Kai Papenfort | Professor for Microbiology, Ludwig-Maximilians University

papenfort-180x180Kai Papenfort finished his undergraduate studies in biology in 2005 at the Phillips University in Marburg, Germany.

In 2006 he moved to the UK to work as a Marie Curie fellow at the Institute of Food Research in Norwich where he studied small RNAs in Salmonella Typhimurium. After that, he returned to Germany to receive his PhD in 2010 in Genetics/Microbiology at the Humboldt University, Berlin. Since his PhD, he has worked as a postdoctoral research fellow with Jörg Vogel at the Institute for Molecular Infection Biology in Würzburg (Germany) and with Bonnie Bassler at Princeton University (USA).

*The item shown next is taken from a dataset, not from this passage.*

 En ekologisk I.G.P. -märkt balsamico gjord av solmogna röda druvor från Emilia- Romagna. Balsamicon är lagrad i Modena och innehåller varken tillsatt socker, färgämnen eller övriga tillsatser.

In 2015, he was appointed as Professor of Microbiology at the Ludwig-Maximilians-University of Munich, Germany. Work in his group focuses on gene regulation by bacterial noncoding RNA molecules and intercellular communication among microbes.

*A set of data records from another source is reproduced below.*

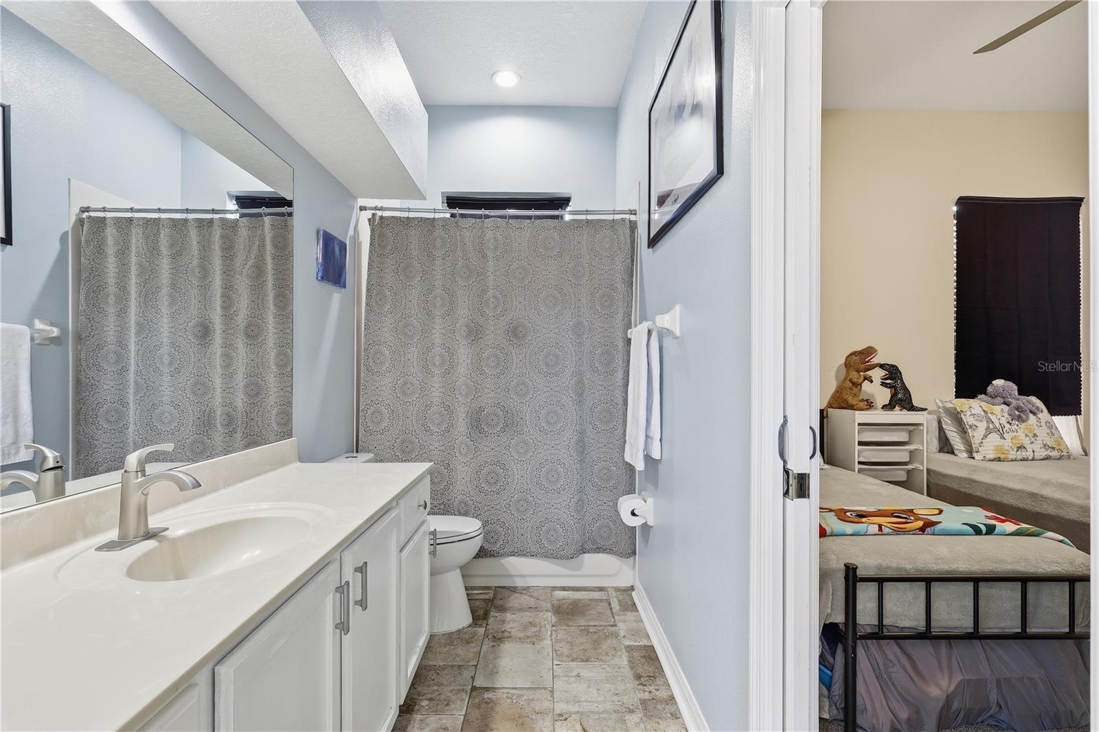 Beautifully updated 4BR/3BA custom home with a 3-car garage, circular driveway, and a private fenced yard in the wonderful Pine Lakes neighborhood of Palm Coast. This spacious split floor plan offers formal living and dining rooms plus a cozy family room—perfect for everyday living and entertaining. The updated eat-in kitchen features quartz countertops, stainless steel appliances, a center island and plenty of space for gatherings. Tray ceilings add elegance to the living, dining, and family rooms, complemented by tile flooring and newer carpet. The primary suite is a true retreat with dual vanities, a garden tub, a large walk-in shower, and his-and-hers walk-in closets. Enjoy Florida living on the large covered and screened porch overlooking the fenced backyard—ideal for relaxing, pets, and play. With a 3-car garage and ample parking, hosting friends and family is easy. Major updates include: enlarged ductwork for improved airflow (2025), 50-gallon water heater (2026), A/C (2020), tile & carpet (2022), interior paint (2022), exterior paint—Sherwin-Williams (2025), new roof with skylights (2024), new ceiling fans & lighting (2022), quartz countertops (2022), and new toilets (2023). Centrally located close to major shopping, dining, and Palm Coast’s famous beaches, plus miles of walking and biking trails and Pine Lakes Golf Course—this move-in ready home is a rare find!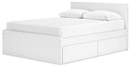| Details | Includes headboard, panels, rails, roll slats and 4 side storage drawers, Made with engineered wood (MDF/particleboard/plywood) and decorative laminate for the right balance of affordability and durability, Solid white finish, Decorative laminate replicates natural or man-made material surfaces with consistent color, pattern and texture, 4 smooth-gliding storage drawers with ball-bearing side glides; vinyl-wrapped sides and back for durability, Bed does not require additional foundation/box spring; accommodates most zero clearance adjustable bases with the addition of a bunkie board, Mattress available, sold separately, Assembly required, Assembly required | |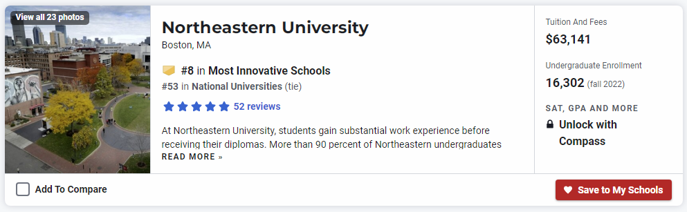 东北大学大学由8个学院组成,设有175个本科专业和227个研究生专业,东北大学有多于35个研究和教育中心。汇聚了来自全世界122个国家的精英,在实践性学习、跨学科研究以及社区参与方面都处于世界领先地位。在以往以及现在的教员中,有数位获得古根海姆基金和一位国际天才发明奖获得者,一位美国总统的民主党候选人和一位普利策奖获得者。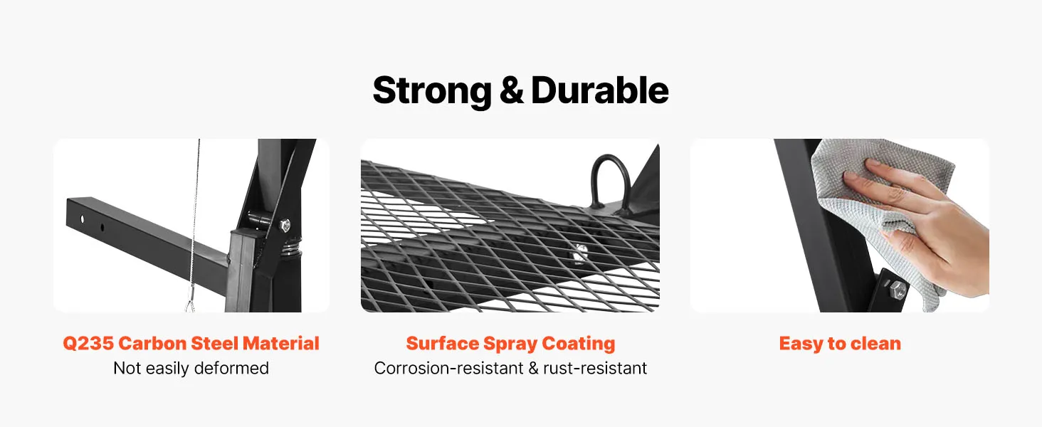 Flexible Adjustment: The support frame of the truck hitch game hoist rotates 360° effortlessly, allowing one person to place items on the frame without moving the truck
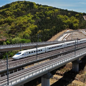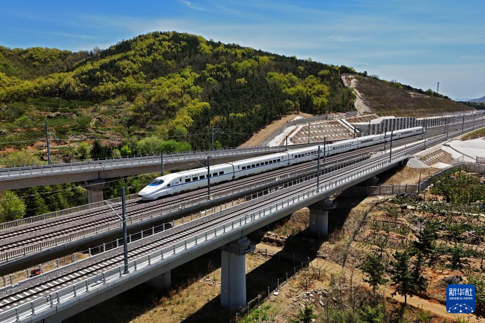 4月29日,动车组列车行驶在山东省烟台市境内(无人机照片)。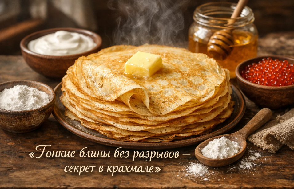 Почему же крахмал так меняет структуру теста и делает блины невероятно тонкими и прочными одновременно? Давайте разберемся в этом вопросе подробнее, а заодно я поделюсь с вами проверенным рецептом, который выручает меня каждую Масленицу.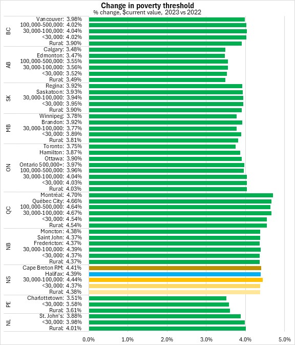 Compared with the 2023 base thresholds from 2022, Nova Scotia's Market Basket Measure threholds increased by between 4.37% and 4.44%. MBM threshold levels grew faster in the Québec, New Brunswick and Nova Scotia.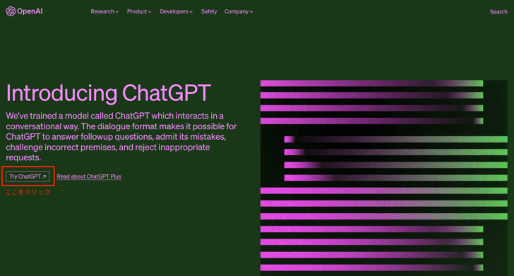 ③トップ画面の左側「Try ChatGPT」をクリックしてアカウントを作成します。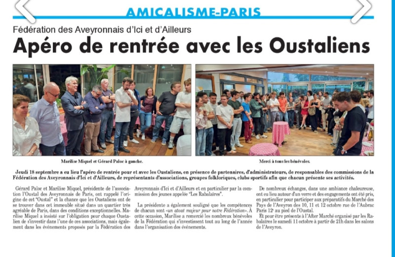 Jeudi 18 septembre 2025 a eu lieu l’Apéro de rentrée pour et avec les Oustaliens, en présence de partenaires, d’administrateurs, de responsables des commissions de la Fédération des Aveyronnais d’Ici et d’Ailleurs, de représentants d’associations, groupes folkloriques, clubs sportifs afin que chacun présente ses activités. Gérard Paloc et Marilise Miquel, Présidente de l’association l’Oustal des Aveyronnais de Paris, ont rappelé l’origine de cet « Oustal » et la chance que les oustaliens ont de se trouver dans cet immeuble situé dans un quartier très agréable de Paris dans des conditions exceptionnelles. Marilise Miquel a insisté sur l’obligation pour chaque oustalien de s’investir dans l’une de ces associations, mais également dans les évènements proposés par la Fédération des Aveyronnais d’Ici et d’Ailleurs et en particulier par la commission des jeunes appelée « Les Rabalaïres ».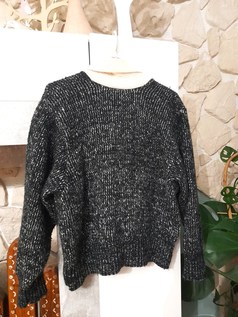 Elegancki sweterek w tonacji szaro-czarnej z kontrastującym kołnierzem.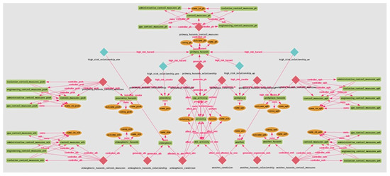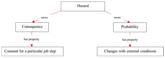 As explained previously, the risk of a hazard is related to two concepts, probability and consequence. In O-JHAKG, the consequence of a hazard is defined as a constant characteristic, meaning the consequence is the worst possible result of the accident originating from the hazard. Thus, the consequence would not be affected by external conditions when the job step is the same. On the other hand, the probability of a hazard (meaning the probability that an accident occurs due to the hazard) can be changed by external conditions under which the job step is executed. For example, the probability of an asphyxiation accident is higher when welding is performed in a confined workplace than in an open environment, and thereby an increased risk. These relationships between the risk of hazard and external conditions were identified through document analysis and expert interviews, and they are coded as a rule as part of O-JHAKG, as shown in Figure 8. This means that certain relationships between some external conditions and the probability variable for some hazards can be entered in the form of a rule in JHAKG (as discussed in the implementation section, the graph database management system used for this research allows this kind of formalization).

From Strings of Nucleotides to Collective Behavior: “Lessons from Vibrio cholerae”

Quorum-sensing (QS), is a process of bacterial cell-to-cell communication that relies on the production, release, and population-wide detection of extracellular signal molecules. Processes controlled by QS are unproductive when undertaken by an individual bacterium but become effective when undertaken by the group. QS controls many important microbial processes including bioluminescence, secretion of virulence factors, competence and biofilm formation. In this study, we identified and characterized of a novel bacterial communication system present in Vibrio cholerae. This system consists of a transcriptional regulator, VqmA and a small regulatory RNA (sRNA), VqmR.

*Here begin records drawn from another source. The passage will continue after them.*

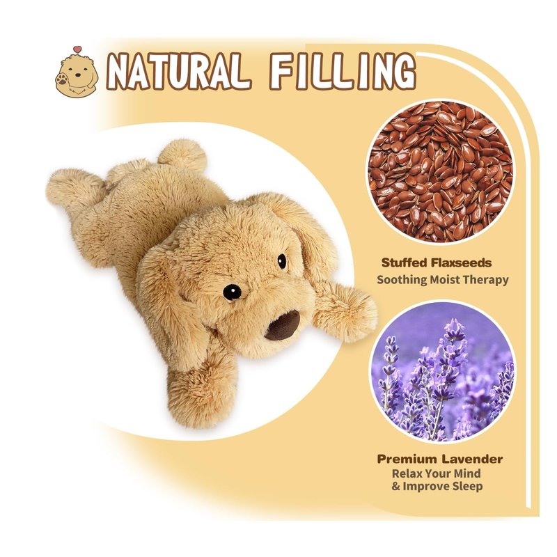 Cuckool Golden Retriever Stuffed Animals, Microwavable Stuffed Animals Heating Pad for Cramps, Pain Stress Relief, Heatable Coolable Lavender Scented Plush Toy for Anxiety, Women & Kids Bedtime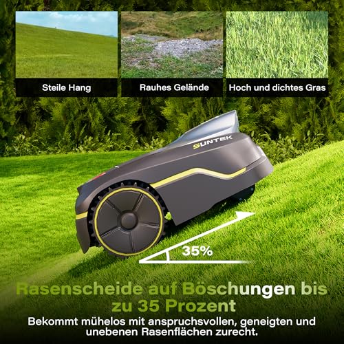 SUNTEK Mähroboter ohne begrenzungskabel AI Vision-Kamera, Rasenmäher Roboter, Max 600 m², Genaue Hindernisvermeidung, IPX5-Wasserschutz, APP Bedienbar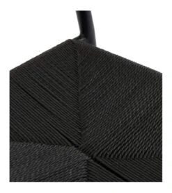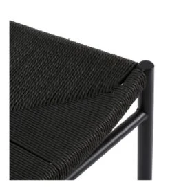 Chaise avec piètement mĂ©tal noir, habillĂ©e d’un assise en corde teintĂ©e noir et dossier en bois noir.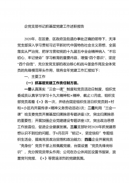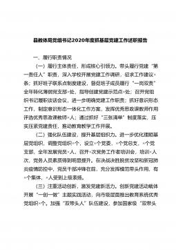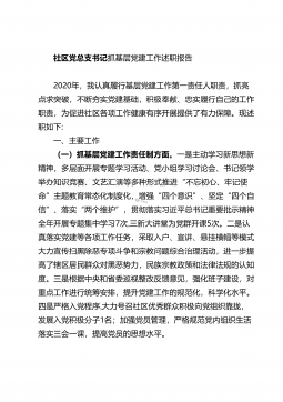 社区党总支书记抓基层党建工作述职报告2020年,我认真履行基层党建工作第一责任人职责,抓亮点求突破,不断夯实党建基础,积极奉献、忠实履行自己的工作职责,为促进社区各项工作健康有序开展提供了有力保障。现述职如下:一、主要工作(一)抓基层党建工作责任制方面。一是主动学习新思想新精神,多层面开展专题学习活动、党小组学习讨论会、书记领学举办知识竞赛、文艺汇演等多种形式推进“不忘初心、牢记使命”主题教育常态化制度化,增强“四个意识”、坚定“四个自信”、落实“两个维护”,贯彻落实习近平总书记重要批示精神全年开展专题集中学习7次,三新大讲堂为党群开课5次。二是认真落实党建等各项工作任务,采取入户、宣讲、悬挂...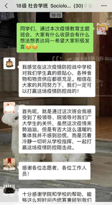 18级社工班由团支书崔荣敏同学提醒同学们要注意做好防护,积极配合防疫人员的各项工作安排,切实加强自身思想道德修养,及时观看青年大学习;然后,班长宋绍伟同学就公司相关防疫政策向同学们进行了解释,并提醒同学们要及时关注权威信息发布,坚决做到“不信谣、不传谣”,在疫情防控期间遇到困难一定要及时向老师们反映,科学防疫、合理求助;最后,学委张若晗同学向大家解释了有关毕业季教务方面的问题,并督促大家认真完成毕业论文的写作。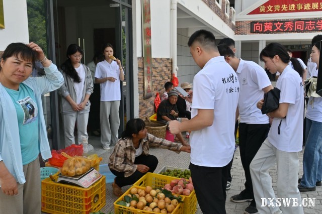 图为实践团成员与村民交流特产图。蒋妮玉 供图

VqmR is activated by VqmA and functions as a trans-acting regulator through base-pairing with multiple target mRNAs. Among these targets are key factors for biofilm formation and virulence factor expression in V.cholerae indicating that VqmA/R could participate in the regulation of complex behaviors. Indeed, our results show that VqmA binds to and is activated by an extracellular signal, which we determined as the novel autoinducer molecule, DPO. DPO is a new molecule to biology and is produced by diverse microbes. Further, we obtained evidence that the signaling molecule is produced by commensal species of the host microbiota and that VqmA/R plays an important role during V. cholerae pathogenesis and the communication with other bacteria.